I don’t know when this house was originally constructed, but I believe it was prior to the widespread use of indoor plumbing in Rome, probably in the late 1800’s. The house consists of four rooms, two on each side of a central hall that ran from the front porch to the back porch. I think the house originally had a porch on all four sides. As you can see, the windows were taller than the front door. I think even when this house was built doors were usually the same height as modern doors, which is six feet, eight inches. In modern architecture, the tops of windows and the tops of doors are at the same height. In this house, the windows are higher than the door top and reach all the way to the floor. This was a typical Southern construction method which was intended to help ventilate rooms in the hot, humid summers.
The room layout was probably a living room or parlor and a dining room at the front, and two bedrooms at the rear. I think the house had several significant modifications by the time I came along. A separate apartment was added on the back left side room by enclosing part of the porch. What my father called the sleeping porch was a room that was enclosed on the porch off the back right bedroom. I think it was used as a bedroom during hot weather.
There was a small sitting room on the back rear that was under the porch roof, and a kitchen that I think was at least mostly under the porch roof at the back corner of the house. My grandparents basically lived in the kitchen, sitting room and the back right bedroom. The other rooms were seldom if ever used.
There was a bathroom on the extreme left corner of the house, also under the porch roof, that could be reached only by going out of the sitting room and walking across the porch. It was necessary to go outside to reach this bathroom, although my grandparents put some kind of plastic sheeting on the porch to kind of enclose it.
The structure on the left of the house is an old greenhouse, which I vaguely remember.
This kind of architectural history is interesting to me and probably a few people in the world, but probably not to many others.
My father and at least one of his male relatives weatherproofed an old chicken coop in the back yard and moved their beds out there. One was Uncle Charlie, my father’s maternal uncle, who looked so much like my father that some people occasionally confused the two. The biggest clue to which was which was the fact that Uncle Charlie lost his right arm in an accident.
I also scanned a photo that my father took in Europe when he was there during WW II.
This is actually a contact print. There is some writing on the back that identifies it as a German gun emplacement on Utah Beach in September 1944. Not as busy as it was three months earlier. I wondered where or when my father got this photo processed. I discovered something on the back when I scanned it.
There is a very faint stamp on the back.

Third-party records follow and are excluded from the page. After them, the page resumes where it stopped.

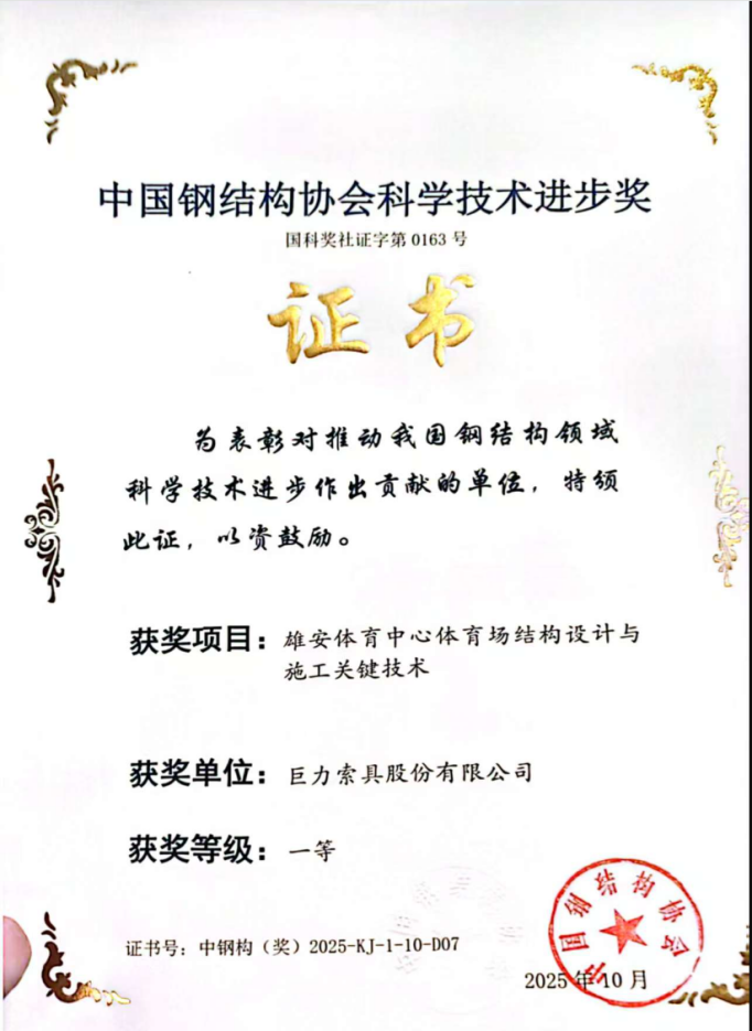 “一次榮獲三項一等獎,是對巨力索具研發(fā)團隊創(chuàng)新能力的高度肯定,更是我們多年來堅持‘技術(shù)驅(qū)動未來’理念的集中體現(xiàn)。”公司技術(shù)負(fù)責(zé)人表示,“這些成果的落地,離不開行業(yè)專家的指導(dǎo),更離不開業(yè)主、設(shè)計院、監(jiān)理、總包等各方伙伴的信任與支持。”未來,巨力索具將繼續(xù)深耕索具核心技術(shù)研發(fā),聚焦綠色建筑、智能建造、新材料應(yīng)用等方向,持續(xù)推動行業(yè)技術(shù)進(jìn)步,致力于成為全球索具系統(tǒng)解決方案的引領(lǐng)者。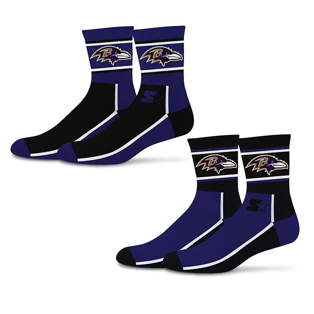 Unisex Starter Black/Purple Baltimore Ravens Double Color Block 2-Pack Mid-Crew Socks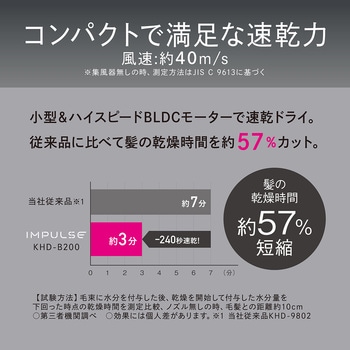 コンパクトで満足な速乾力約10万回転/分のBLDCモーター搭載、パワフルな風を届けます。ハイパワー1200W、マイナスイオン搭載4種類の風(HOT-SCALP-AUTO H/C-COOL)、2段階風量調節(HIGH-LOW)軽量・コンパクト375g取り付けも回転も簡単なマグネット式セットノズル、着脱式フィルター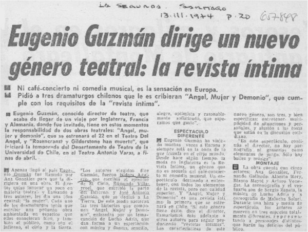Eugenio Guzmán dirige un nuevo género teatral: la revista íntima. [artículo]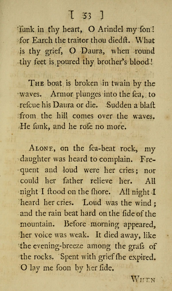 Alone, on the sea-beat rock, my daughter was heard to complain. Frequent and loud were her cries; nor could her father relieve her. All night I stood on the shore. All night I heard her cries. Loud was the wind; and the rain beat hard on the side of the mountain. Before morning appeared, her voice was weak. It died away, like the evening-breeze among the grass of the rocks. Spent with grief she expired. O lay me soon by her side.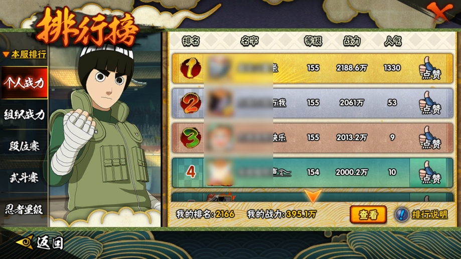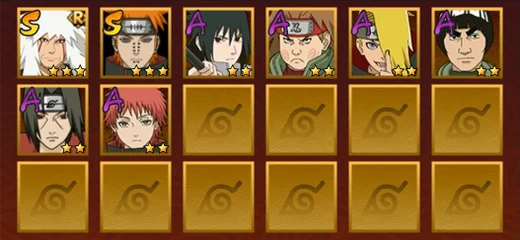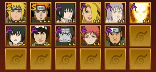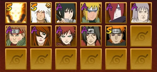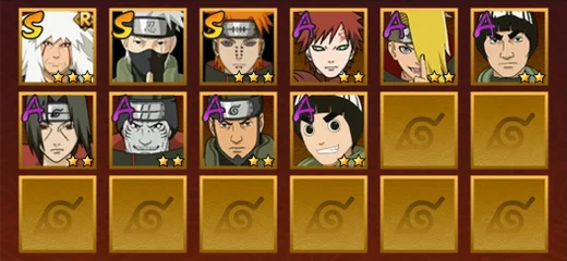 舞之豪傑自來也,水門,忍戰帶土,天道佩恩,九尾鳴人,須佐佐助,凱,阿斯瑪,青年水門,疾風傳我愛羅,青年長門,蠍,鬼鮫,死司飛段,桃式顯現博人

I can read part of it: “NOT FOR PUBLICATION”, and 5 MAR. I can’t read the year, but it’s probably 1945. I assume from this that it was printed at some Army darkroom in Europe.
After looking at this photo and the photos of my father in uniform, I looked at the Wikipedia entry on the 104th Infantry Division. It’s basically a shortened history of the division, a little easier to follow than the much more highly detailed account in Timberwolf Tracks, the history of the division. I saw place names that my father mentioned in the stories he told us: Camp Adair, Aachen, the Ruhr and the Rhine. For some reason, seeing those names had a stronger emotional impact on me than just looking at the old photos. I can still hear him saying those names.